1. ## uniform continuity

Suppose that f:R--> R is differentiable on R and that the derivative of f is bounded on R. Prove that f is uniformly continuous on R.

2. Originally Posted by friday616
Suppose that f:R--> R is differentiable on R and that the derivative of f is bounded on R. Prove that f is uniformly continuous on R.
Three words: MEAN VALUE THEOREM

$\frac{|f(x)-f(y)|}{|x-y|}=|f'(t)|\leq M\implies |f(x)-f(y)|\leq M|x-y|$.

Let $\delta=\frac{\epsilon}{M}$ and you're done.

If $d(f(x),f(y))\leq Md(x,y)$, then $f$ is said to be Lipschitz continuous, with the Lipschitz constant being the smallest such $M$ that satisfies that inequality. Lipschitz continuity always implies uniform continuity, but not necessarily the other way around.

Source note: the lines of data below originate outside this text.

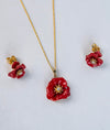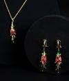 Japa Enamel Flower Gold Plated Silver Pendant Set
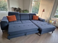 Comfortabele blauwe stoffen bank met verstelbare hoofdsteunen, lougegedeelte met opbergvak én de mo ...
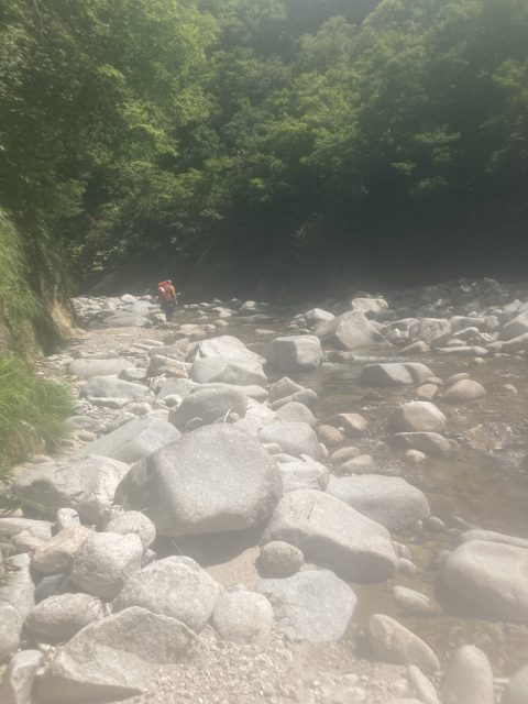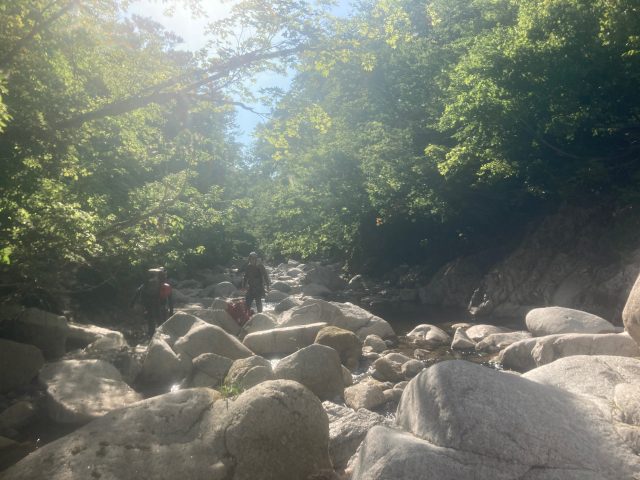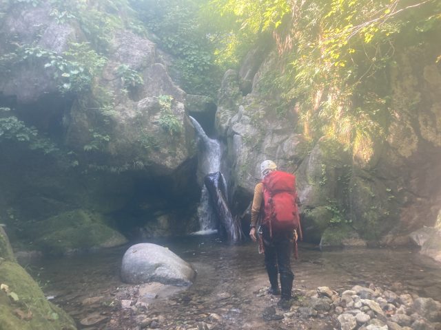 今日も快晴。3日間天候に恵まれました。朝食に古巻さんが現地調達したミズの茎をいれたお味噌汁を作ってくれました。起き抜けの体に染みます、ありがとうございました!最終日は、五郎三郎沢を遡行し舟渡集落のほうへ下山し、その後はタクシーにきてもらい車の回収をします。五郎三郎沢を詰めると蕨峠の径にぶつかるので、そのまま下山もしくは径沿いに流れる越沢川を沢下降する予定です。前半は平坦で標高がなかなか上がりませんが、次第に少しづつ標高が上がっていきます。大きな滝はなく小滝がいくつかある程度で順調に遡行していきます。

3. Originally Posted by friday616
Suppose that f:R--> R is differentiable on R and that the derivative of f is bounded on R. Prove that f is uniformly continuous on R.
If the derivative is continous you could use the MVT $\vert f(x)-f(y) \vert = \vert f(c)(x-y) \vert \leq M\vert x-y\vert$and so $f$ is Lipschitz and thus uniformly continous. Without continous derivative though...

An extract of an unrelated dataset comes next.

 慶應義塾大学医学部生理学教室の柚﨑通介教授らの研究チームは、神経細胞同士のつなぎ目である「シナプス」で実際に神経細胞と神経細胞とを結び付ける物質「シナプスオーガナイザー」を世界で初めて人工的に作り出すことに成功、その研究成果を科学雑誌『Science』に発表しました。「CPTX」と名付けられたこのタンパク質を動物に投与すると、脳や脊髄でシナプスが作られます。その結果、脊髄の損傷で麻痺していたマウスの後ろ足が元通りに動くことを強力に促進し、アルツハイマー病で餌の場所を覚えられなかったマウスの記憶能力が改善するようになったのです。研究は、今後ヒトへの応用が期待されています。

4. Originally Posted by Jose27
If the derivative is continous you could use the MVT $\vert f(x)-f(y) \vert = \vert f(c)(x-y) \vert \leq M\vert x-y\vert$and so $f$ is Lipschitz and thus uniformly continous. Without continous derivative though...
MVT only requires the derivative to exist, not for it to be continuous.